With strident calls for action and threats of “taking to the streets” if the issue is not soon resolved, participants in the 10th anniversary conference of the Jewish Orthodox Feminist Alliance (JOFA) ratcheted up the rhetoric around the plight of agunot, “chained women” whose husbands refuse to grant them a religious bill of divorce.
“Let this be the last JOFA conference where we need to ask if there’s a halachic heter [permissive legal ruling] for agunot,” Tova Hartman, founder of an Orthodox feminist synagogue in Jerusalem, told the approximately 1,000 people, mostly women, who attended a conference earlier this month in New York City. “The time has come to stop kvetching.”
The rhetoric on agunot contrasted sharply from that on other topics at the conference, where a sense of confidence bordering on the triumphant prevailed, owing to the substantial progress made in the decade since JOFA’s founding.
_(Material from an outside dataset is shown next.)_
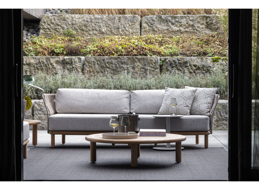 De sofa heeft een royaal formaat van bijna tweeënhalve meter. De fauteuil is eveneens riant met honderdzestien centimeter breedte. De materialisatie is zeer luxe met een stevige Ardenza rope in sepia grijs, dat in een fraai patroon om de aluminium rugleuning is gevlochten. De rugleuning waaiert als het ware vanaf de bovenste helft naar buiten toe uit, wat veel flair aan het moderne design toevoegt en het zitcomfort verhoogt. De grijze kussens voor de zitting en rugleuning ondersteunen het lichaam bovendien maximaal, waarbij het gebogen rugkussen elegant over de bovenzijde van het frame heen valt. Het zitkussen is op de hoeken afgerond, de vormgeving van het teakhouten onderstel volgend.

Women today serve as congregational heads, spiritual leaders and advisers on matters of religious law. They have greater access to rigorous textual study that once was the domain of men. And their participation in public prayer is on the rise with the growth of so-called “partnership minyanim,” in which women take on some leadership roles — including reading the Torah and leading certain prayers — in an otherwise typical Orthodox service.
Other issues, like marking a girl’s bat mitzvah, have fallen off the agenda entirely now that such celebrations are par for the course in Orthodox congregations.
“It is a slow and gradual progress,” JOFA Executive Director Robin Bodner said. “There is definitely progress. There is definitely change.”
Hartman electrified the conference with her talk of civil disobedience and the creation of alternative religious courts to address the plight of agunot, who under Jewish law are forbidden to remarry until their husbands have “released” them from marriage with a get, or religious bill of divorce.
In the worst cases, husbands have refused to grant religious divorces to their wives for years, sometimes issuing the documents only in exchange for sizable ransoms.
In the United States, various rabbinic courts and civil laws provide some recourse. In New York, state law requires spouses to remove all religious barriers to remarriage before a civil divorce is granted; a similar law is under consideration in Maryland.
In Israel, marriage remains under the purview of rabbinic courts that have the power to enforce their rulings. The problem, agunot advocates say, is that those powers are rarely used by judges, all of them male and drawn mostly from the ranks of the ultra-Orthodox.
An international rabbinic conference on the topic, the first of its kind, was scheduled for last November by Israel’s Sephardi chief rabbi, Shlomo Amar. It was canceled at the last minute, however, reportedly due to pressure from Rabbi Yosef Shalom Elyashiv, an Ashkenazi rabbi widely considered the most authoritative figure in the fervently Orthodox world.
“It’s time that we in the Modern Orthodox world challenge the power of a handful of extremist Charedi rabbis,” Sharon Finkel Shenhav, the only woman serving on Israel’s commission to appoint religious judges, said at the conference.
Shenhav said the ultra-Orthodox, also known as haredim, control the courts only because “we let them.”
One possible halachic solution, the so-called “tripartite” solution, would have couples sign a prenuptial agreement stipulating that the marriage is dissolved if a husband and wife voluntarily live apart for a certain amount of time.
Rabbi Shlomo Riskin, the American-born chief rabbi of Efrat, Israel, argued for that option in an address to a standing-room only crowd at the convention.
While some accused the rabbinic courts of outright corruption, Riskin said the principal obstacle to resolving the issue is the courts’ preoccupation with “what they think is the purity of Israel as over and against the plight of the agunah.”
The tripartite solution is nearly airtight from a halachic standpoint, Riskin said, but it would only affect future marriages and would have little impact on existing agunot. Even so, he’s under no illusions that the idea will be enacted.
“If it does not work, then I believe we will have no choice but to establish alternative batei din,” or rabbinic courts, he said.
JOFA plans to take ads in Jewish media demanding action on agunot from the Orthodox rabbinate. The ads, which call the situation an “injustice” and a “disgrace,” would be timed to coincide with the Fast of Esther, which falls this year on March 1.
“If the community rose up, ultimately that’s how things are changed,” Bodner said. “We need to keep pushing for this change. We’re going to do it. Somehow, some way.”